Action item ->
Repeat the listing that follows exactly. Pictures are not part of the copy.

Data provided ->
--------

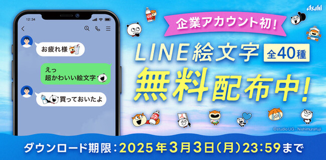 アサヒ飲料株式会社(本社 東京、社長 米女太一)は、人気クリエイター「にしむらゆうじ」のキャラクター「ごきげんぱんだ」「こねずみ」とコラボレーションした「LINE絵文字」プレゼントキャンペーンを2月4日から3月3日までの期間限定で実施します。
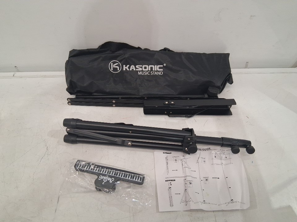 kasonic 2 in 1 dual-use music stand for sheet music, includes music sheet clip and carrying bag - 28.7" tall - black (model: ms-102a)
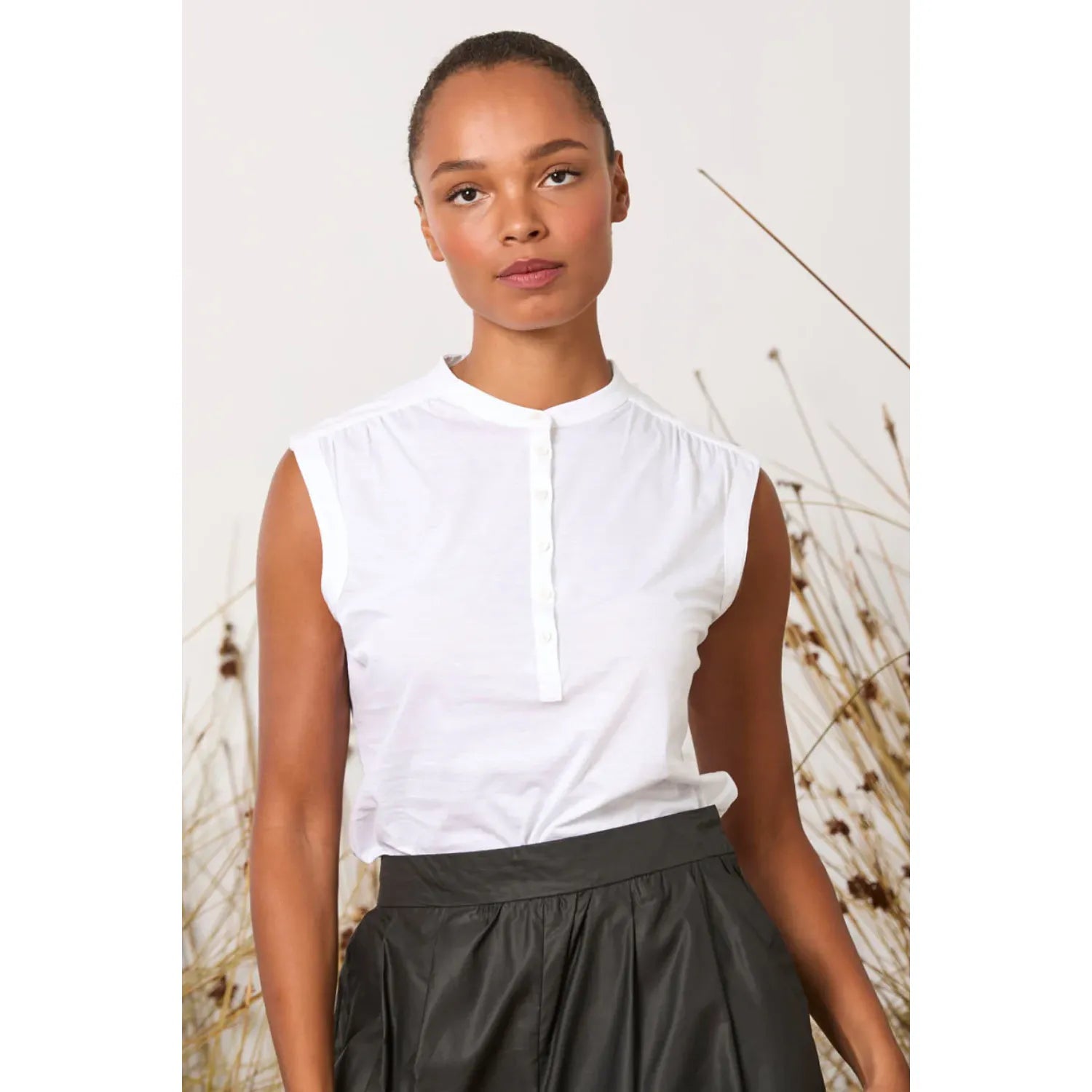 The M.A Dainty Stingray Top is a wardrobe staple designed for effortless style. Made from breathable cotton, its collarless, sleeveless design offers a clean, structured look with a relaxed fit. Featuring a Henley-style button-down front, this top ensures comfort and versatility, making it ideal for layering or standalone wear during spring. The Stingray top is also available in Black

--------

Finished task ->
 アサヒ飲料株式会社(本社 東京、社長 米女太一)は、人気クリエイター「にしむらゆうじ」のキャラクター「ごきげんぱんだ」「こねずみ」とコラボレーションした「LINE絵文字」プレゼントキャンペーンを2月4日から3月3日までの期間限定で実施します。
 kasonic 2 in 1 dual-use music stand for sheet music, includes music sheet clip and carrying bag - 28.7" tall - black (model: ms-102a)
 The M.A Dainty Stingray Top is a wardrobe staple designed for effortless style. Made from breathable cotton, its collarless, sleeveless design offers a clean, structured look with a relaxed fit. Featuring a Henley-style button-down front, this top ensures comfort and versatility, making it ideal for layering or standalone wear during spring. The Stingray top is also available in Black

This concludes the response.